• **RECORDED INFORMATION**:
--------------------------------------------------
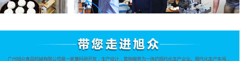 廣州旭眾食品機(jī)械有限公司是一家集科研開發(fā),生產(chǎn)設(shè)計(jì),營(yíng)銷服務(wù)為一體的現(xiàn)代化生產(chǎn)企業(yè)?,F(xiàn)代化生產(chǎn)車間,精湛制造技術(shù),所產(chǎn)機(jī)械歷經(jīng)市場(chǎng)重重考驗(yàn),不斷贏得海內(nèi)外客戶的贊譽(yù)。
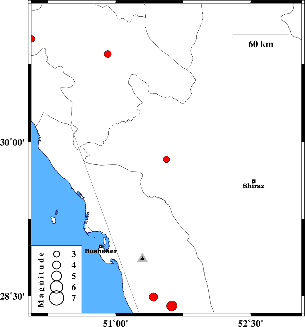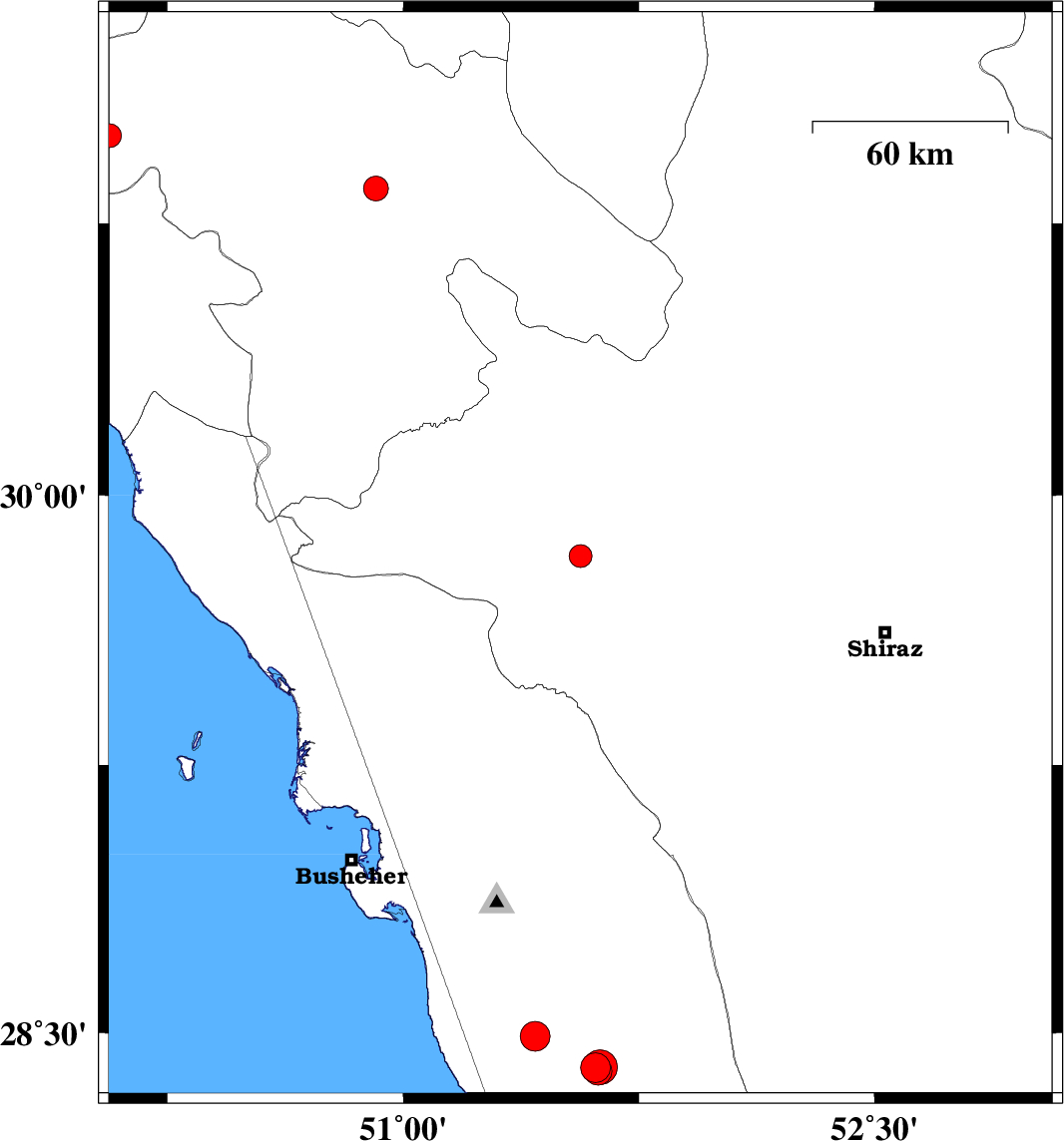 | 2024/12/05 | 13:25:58.2 | 16:55:58.2 | 28.403 | 51.626 | 22 | ML:4.9 | Bushehr Province, 37 km South-East of Khormog | ||
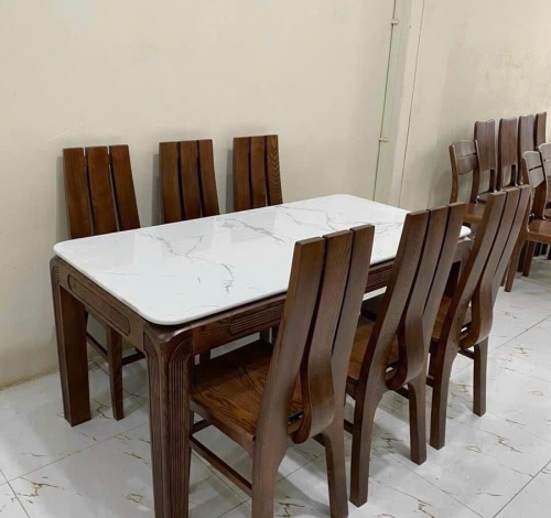 Bộ Bàn Ăn 6 Ghế Mặt Đá – Gỗ Tự Nhiên 100%
--------------------------------------------------
Retype precisely, and only, the lines from the one holding "Khormog | ||" through the final line of the data above, with the pictures omitted.

 | 2024/12/05 | 13:25:58.2 | 16:55:58.2 | 28.403 | 51.626 | 22 | ML:4.9 | Bushehr Province, 37 km South-East of Khormog | ||
 Bộ Bàn Ăn 6 Ghế Mặt Đá – Gỗ Tự Nhiên 100%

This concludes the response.